◆ DATASET
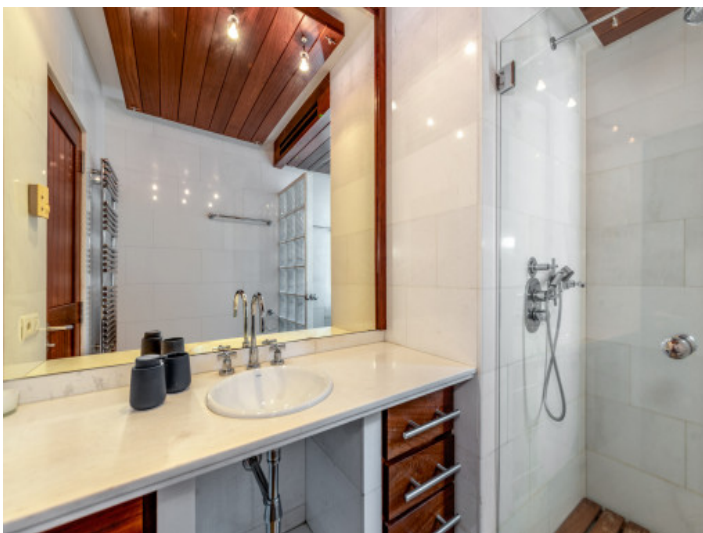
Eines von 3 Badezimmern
...
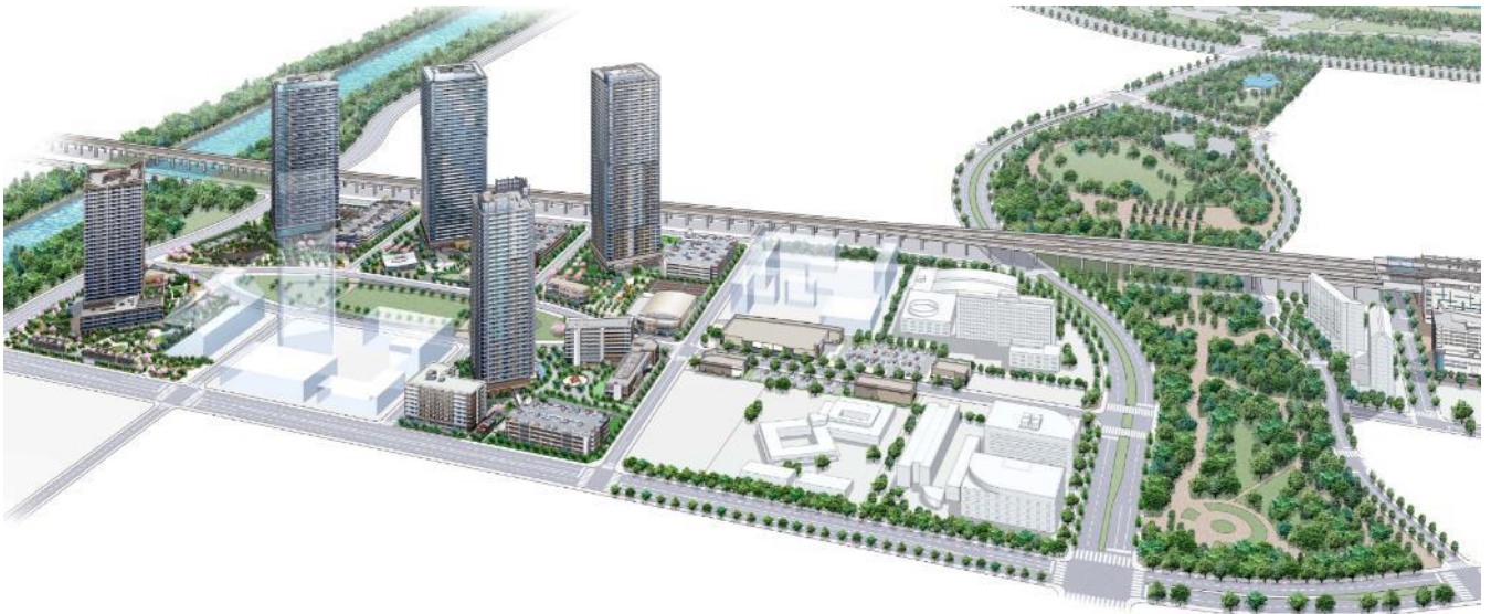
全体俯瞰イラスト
--
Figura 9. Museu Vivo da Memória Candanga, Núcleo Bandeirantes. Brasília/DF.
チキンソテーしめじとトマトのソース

◆ BRIEF
What you return must be an exact retyping of the lines above starting at the line with "Figura 9. Museu" and ending at the line with "チキンソテーしめじとトマトのソース", and nothing besides.

◆ OUTPUT FOR THIS EXERCISE
Figura 9. Museu Vivo da Memória Candanga, Núcleo Bandeirantes. Brasília/DF.
チキンソテーしめじとトマトのソース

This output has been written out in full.